Potensi industri otomotif RI untuk meraup cuan di kawasan MENA tidak hanya didukung oleh momentum peralihan di atas, tetapi juga pertumbuhan pasar otomotif di kawasan yang tercatat impresif.
Bhima mengatakan pertumbuhan industri otomotif di Timur Tengah dan Afrika Utara rata-rata sebesar 36 persen per tahun, dan diprediksi meningkat signifikan dalam 5 tahun ke depan.
Baca Juga
Indonesia dinilai bisa mengekspor sejumlah produk seperti transportasi publik dan angkutan logistik yang memiliki pasar besar di kawasan tersebut.
Bagaimana pun, Bhima melihat Indonesia masih berhadapan dengan sejumlah tantangan dalam menangkap peluang pasar di Timur Tengah dan Afrika Utara.
"Tantangannya adalah standar emisi Euro dan pengembangan mobil hybrid yang perlu dipacu terus dengan model menarik serta sesuai dengan permintaan pasar," jelasnya.
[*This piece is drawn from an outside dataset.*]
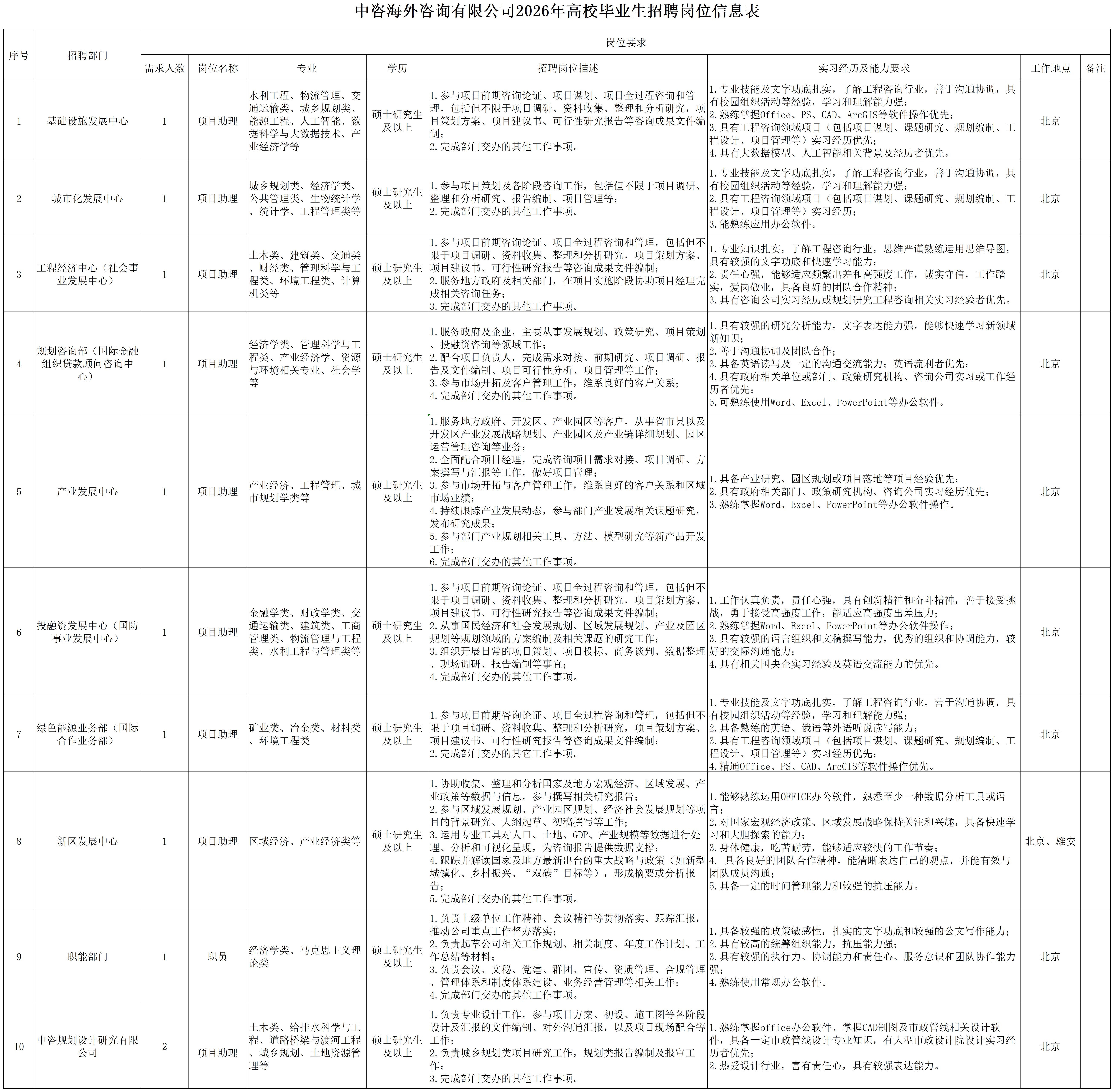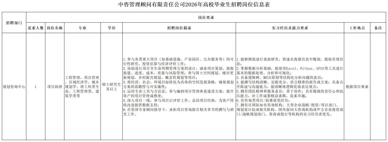 一、公司簡介 中咨工程管理咨詢有限公司(簡稱中咨管理)成立于1989年,是中國國際工程咨詢有限公司的核心骨干子公司,注冊資金1.55億元?,F有各項資質證書持證2800余冊,中高級職稱比例超50%。 中咨管理公司是國內從事工程管理類業務最早、規模最大、行業最廣、業績最多的企業之一,具有工程咨詢甲級資信、工程監理綜合資質以及設備、公路工程、地質災害防治工程、人民防空工程等多項專業監理甲級資質,并列入政府采購招標代理機構和中央投資項目招標代理機構名單。業務涵蓋工程前期咨詢、項目管理、項目代建、招標代理、造價咨詢、工程監理、設備監理、設計優化、工程質量安全評估咨詢等項目全過程咨詢服務,涉及房屋建筑、交通、石化、水利、電力、冶煉、礦山、市政、生態環境、通信和信息化等多個行業。業務遍布全國及全球近50個國家和地區,累計服務各類咨詢管理項目超過1萬個,涉及工程建設投資近5萬億元。曾榮獲56項中國建設工程魯班獎、15項中國土木工程詹天佑獎、64項國家優質工程獎、23項中國鋼結構金獎以及各類省級或行業獎項500余項。 經過30余年的不懈努力,我們積累了豐富的工程管理經驗,為各類工程建設項目保駕護航,“中咨管理”品牌成為行業的一面旗幟。我們崇尚簡單、包容、共享的理念,秉持創造價值、貢獻社會的使命和專業創造精品、價值成就客戶的核心價值觀,為成為全過程工程管理咨詢的領先者而奮斗。優秀的你值得更好的平臺,加入我們,攜手共創新篇章! 二、應聘條件 (一)2026年全日制本科及以上應屆畢業生。 (二)年齡要求:本科生26周歲及以下(2000年1月1日后出生),碩士研究生30周歲及以下(1996年1月1日后出生)。 (三)在校就讀期間無在職工作經歷,無社保繳納記錄和派遣落戶記錄。 (四)成績優秀,人品端正,積極進取,愿與公司共改革、奮進。 (五)具備扎實的專業理論知識和良好的溝通能力,實踐能力較強。 (六)熟練使用各類辦公軟件。 (七)簡歷需注明出生日期、生源地(即入學前戶籍所在地)。 三、應聘程序 發布招聘公告→簡歷投遞→簡歷篩選→筆試→面試→確定人選并公示→發放錄用通知。 四、崗位信息 五、報名方式 本次招聘報名采取在線填報方式進行:應聘者請使用Chrome內核瀏覽器(如:Chrome瀏覽器、360瀏覽器、百度瀏覽器、搜狗瀏覽器、UC瀏覽器等)登錄網站報名,網站鏈接:https://hcmcloud.ciecc.com.cn/recruit/#/index 或使用手機掃描二維碼: 中咨工程有限公司 一、 公司簡介 中咨工程有限公司成立于2010年,是中國國際工程咨詢有限公司(簡稱中咨公司)的控股子公司,由中咨公司和中國廣核電力股份有限公司合資成立。 公司作為中咨公司工程管理業務板塊的核心成員,主營業務為全過程工程管理(咨詢)服務業務,包括全過程中的各節點業務(1+X),業務范圍涉及石化、核電、冶金、交通和民用市政等多個領域行業工程項目的前期咨詢及咨詢管理、勘察管理、設計管理、監理、采購管理、造價咨詢、建造過程管理、項目管理(IPMT、PMC等)、項目代建和技術服務等。 公司以為國家、社會和股東創造價值為己任,以兩大股東提供的廣闊市場機遇和成熟先進的管理體系為發展驅動力,通過積極參與市場競爭,努力培育公司核心競爭能力,打造一支特別能戰斗的具有復合型人才的專業化隊伍,矢志發展成為具備承接大中型全過程工程管理(咨詢)服務業務能力的、具有國際競爭力的工程公司。 二、 應聘條件 (一)2026年全日制本科及以上應屆畢業生(部分崗位碩士研究生學歷),在校就讀期間無在職工作經歷,無社保繳納記錄和派遣落戶記錄,學習成績優良。 (二)良好的語言表達能力和溝通能力,執行力強,學習能力強,協作能力強。 (三)身體健康,具有良好的職業道德修養,具有較強的責任心。 (四)熟練使用常用辦公軟件,具有一定的文字功底。 (五)無違規違法記錄,無不良嗜好,身體素質好,能吃苦耐勞,能承受較大的工作壓力。 三、 招聘程序 發布招聘公告→簡歷篩選→資格審查→綜合能力測評→面試→確定人選并公示→發放錄用通知→入職。 四、 崗位信息 五、 報名方式 本次招聘報名采取在線填報方式進行:應聘者請使用Chrome內核瀏覽器(如:Chrome瀏覽器、360瀏覽器、百度瀏覽器、搜狗瀏覽器、UC瀏覽器等)登錄網站報名,網站鏈接:https://hcmcloud.ciecc.com.cn/recruit/#/index 或使用手機掃描二維碼: 中咨海外咨詢有限公司 一、公司簡介 中咨海外咨詢有限公司是中國國際工程咨詢有限公司所屬二級子公司,于1988年成立,經過30多年發展,為各級政府、企事業單位提供了萬余項咨詢服務,在國內咨詢領域具有一定知名度和較高信譽,具備較好的發展基礎。2021年入選國資委“管理標桿”企業,2022-2025年連續4年蟬聯國資委“雙百行動標桿”企業。 公司主要從事戰略謀劃、投資策劃、全過程咨詢以及規劃設計和建設投資管理經營五大業務。善于謀劃策劃創造發展新優勢,努力成為工程建設領域原創思想策源地;善于科學設計項目功能成本方案,致力成為國內優化設計領域先行者;善于系統提供區域發展整體解決方案,努力成為國內有影響力的具有研究特質的咨詢設計企業。公司為國家高新技術企業,擁有工程咨詢行業綜合甲級資信、15項專業專項甲級資信;公路、建筑、市政行業7項專業甲級設計資質;市政行業2項專業乙級設計資質;

Selain itu, tantangan lain yang dihadapi adalah dukungan pemerintah sepeti insentif untu peningkatan kapasitas produksi produk hybrid, sehingga dibutuhkan insentif seperti bea keluar dan perpajakan.
Menurutnya, pasar ekspor potensial perlu mendapatkan insentif untuk beberapa komponen pajak, termasuk diskon Pajak Penjualan Atas Barang Mewah (PPnBM).
Lebih lanjut, Indonesia bisa memasukkan sektor otomotif ke dalam poin-poin perjanjian kerja sama dagang, baik dalam kerangka Comprehensive Economic Partnership Agreement (CEPA) maupun Preferential Trade Agreement (PTA).
Tidak berakhir di situ, Bhima menilai RI perlu menunjang upaya tersebut dengan infrastruktur memadai, seperti kawasan industri yang modern dan konsistensi penurunan biaya logistik.
Termasuk, kedekatan lokasi antara kluster industri suku cadang (spare part) dan tempat perakitan, serta melibatkan produsen komponen lokal untuk melakukan bisnis dengan industri besar.